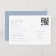 Este cartão chic, branco minimalista e azul empoeirado de RSVP de casamento de dupla função traz um talento contemporâneo, com espaço para nomes de convidados e seleções de menus. Os convidados podem RSVP sem esforço usando o código QR ou optar por enviá-lo de volta tradicionalmente como um cartão postal carimbado. Ideal para um casamento na moda, moderno, que equilibra a conveniência com a tradição do eterno.
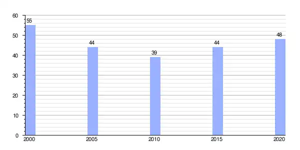 | Gráfica de evolución demográfica de Camiño entre 2000 y 2020 |
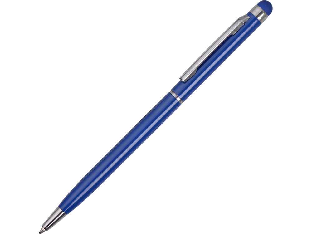 Тонкая металлическая шариковая ручка с поворотным механизмом и стилусом. Функциональный и стильный аксессуар станет отличным подарком.
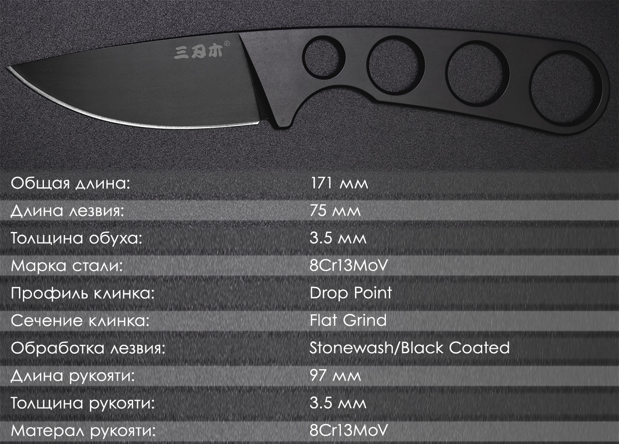 Профиль клинка – Drop Point. Лезвие компактное, широкое с толстым обухом. Марка стали 8Cr13MoV. Рукоять является продолжением клинка и имеет несколько отверстий, крайнее из которых позволяет продевать в него палец.
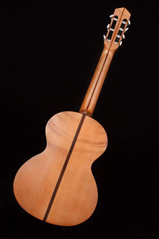 ), верхняя дека кедр, елка, гриф красное дерево) так длина корпуса 490 мм, ширина корпуса нижней части 380 мм, верхней 270 мм, толщина корпуса 95 мм в самой широкой части .
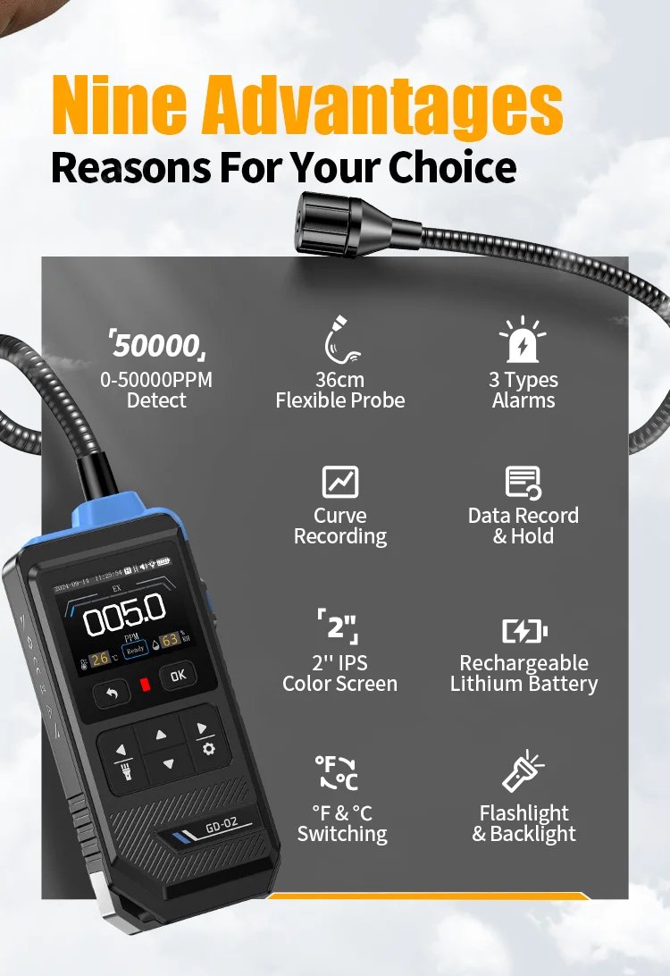 🔥 Détecteur de Fuite de Gaz Portable FNIRSI GD-02 – 50 000 PPM
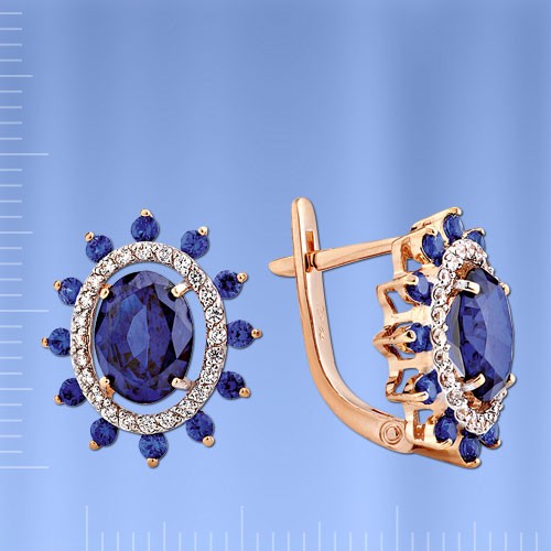 585°-os vörösaranyból készült fülbevaló 2 spinellel (8,0 x 6,0 mm), 24 spinellel ¢ 1,5 mm, fianitokkal ¢ 0,5 mm. Ezek a káprázatos fülbevalók szépségével és eleganciájával ámulatba ejtenek
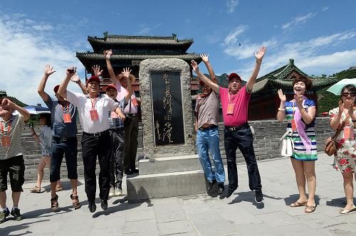 7月28日,前來參觀考察的勞動模范在北京居庸關長城上留影。當日,首批共200名全國勞動模范齊聚北京、北戴河集中休養,正式啟動2013年全國勞模休養活動。首批勞模休養活動從7月27日持續至8月2日,除在北京參觀考察外,勞模們還將前往北戴河度過一個難忘的假期。中華全國總工會于7月至11月期間,組織5000名勞模分33批前往北戴河、青島、廈門等11個休養基地“度假”。這是全國總工會開展勞模休養活動以來人數最多的一次。新華社記者 何俊昌 攝
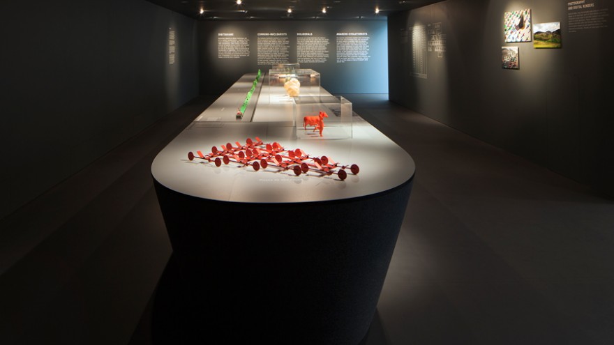 The duo borrow methods from literature and art to use in experiments that apply to the real world. In doing so the exhibition looks at the social, cultural and ethical implications of emerging technologies.
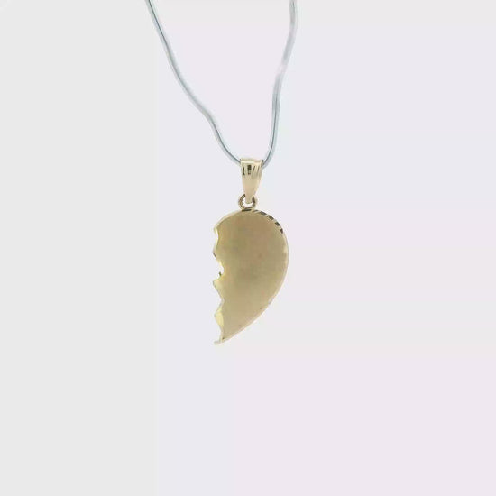 This is a beautiful gold two half heart pendant that is in clean preowned condition. It has been authenticated and polished by our in-house goldsmith / gemologist.

● ● ●

WHAT IS EXPECTED: From the line with "широкой части ." up to and including the line with "GD-02 – 50 000 PPM" above, retype every line exactly and nothing more; leave out the pictures.

RESULT OF THIS EXERCISE:
 ), верхняя дека кедр, елка, гриф красное дерево) так длина корпуса 490 мм, ширина корпуса нижней части 380 мм, верхней 270 мм, толщина корпуса 95 мм в самой широкой части .
 🔥 Détecteur de Fuite de Gaz Portable FNIRSI GD-02 – 50 000 PPM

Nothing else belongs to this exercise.